Jenny Holzer
Truisms
Jenny Holzer was born in Gallipolis, Ohio, on July 29, 1950. She studied in the liberal arts program at Duke University for two years before transferring to the University of Chicago. One year later, Holzer transferred to Ohio University, where she focused on fine art studies. There she received her B.F.A in painting and printmaking in 1972. She continued her education at the Rhode Island School of Design, where she met Michael Glier, a fellow student, whom she married in 1984.
Photo by John Deane
In 1977 Holzer was awarded an M.F.A. in painting by Rhode Island School of Design. It was during her graduate study at the Whitney Museum of American Art's Independent Study Program that she started experimentation in public art and words first entered her work. The first posters titled "Truisms" (1977-1979) surfaced throughout Manhattan. Her primary medium, language, structured her subsequent works.
The "Inflammatory Essays" text (1979-1982) was shown on street posters; "The Living Series" text (1980-1982), was cast on multiple bronze wall plaques.

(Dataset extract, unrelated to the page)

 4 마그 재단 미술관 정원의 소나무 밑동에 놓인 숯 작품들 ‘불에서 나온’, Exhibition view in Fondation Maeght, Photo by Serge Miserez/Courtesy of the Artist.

Her work reached an even larger audience when she employed the large Spectacolor Board to convey her newly created "Survival Series" (1983-1985) text to New Yorkers frequenting the Times Square area in New York City. Ultimately she used electronic signboards and L.E.D. (light-emitting-diode) signs to reach the general public and museum audiences alike. In conjunction with the signs, she employed stone benches and sarcophagi etched with works titled "Under a Rock" (1986) and "Laments" (1989).
In 1990 Holzer was elected to represent the United States at the 44th Venice Biennale. Her installation, consisting of rooms filled with various texts including the latest series "Mother and Child" (1990). The texts, shown in multiple languages, pervaded the installation by way of L.E.D. signs, benches, and floor tiles. Holzer won the Leone d'Oro for best pavilion.

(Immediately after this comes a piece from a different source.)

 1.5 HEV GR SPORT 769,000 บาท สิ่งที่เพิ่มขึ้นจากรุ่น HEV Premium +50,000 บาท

Her more recent work, "War" texts (1992), "Lustmord" (1993-1994) and "Erlauf Peace" texts (1995), focuses on the atrocities of war. The "War" text, first shown in installation at the Kunsthalle in Basel, Switzerland, speaks of wartime disaster. "Lustmord" is written from three different perspectives (the Observer, the Perpetrator and the Victim) regarding the rape of women in wartime. The "Lustmord" photographs, images of the text written on human skin, originally were presented in the magazine of the Suddeutsche Zeitung, reaching five hundred thousand readers. The ink used on the cover of this magazine contained women's blood.

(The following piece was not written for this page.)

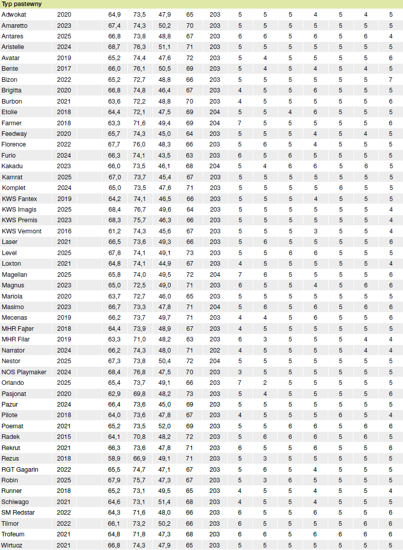W 2025 roku plonowanie odmian wzorcowych (Aristelle, LG Flamenco i Tilmor) było wyraźnie wyższe niż w latach poprzednich – uzyskano średnio 76,3 dt/ha ziarna na poziomie przeciętnej agrotechniki oraz 84,0 dt/ha przy technologii intensywnej. Pokazuje to, iż odpowiednio dobrana kreacja pozwala w praktyce produkcyjnej skutecznie wykorzystać potencjał plonowania potwierdzony w doświadczeniach.

The "Erlauf Peace" texts memorialize lives lost and peace gained in World War II. Two commemorative installations, the Erlauf Peace Monument in Erlauf, Austria, and the Black Garden, in Nordhorn, Germany, incorporate the design of landscape with Holzer's inscribed benches and stone pathways.
In addition to her permanent installations, Holzer's latest projects explore the capacities of modern technology and its ability to reach a growing audience. Her Web site, Please Change Beliefs, makes her original "Truisms" texts available for altering.
Holzer resides in Hoosick with her husband and their daughter, Lili.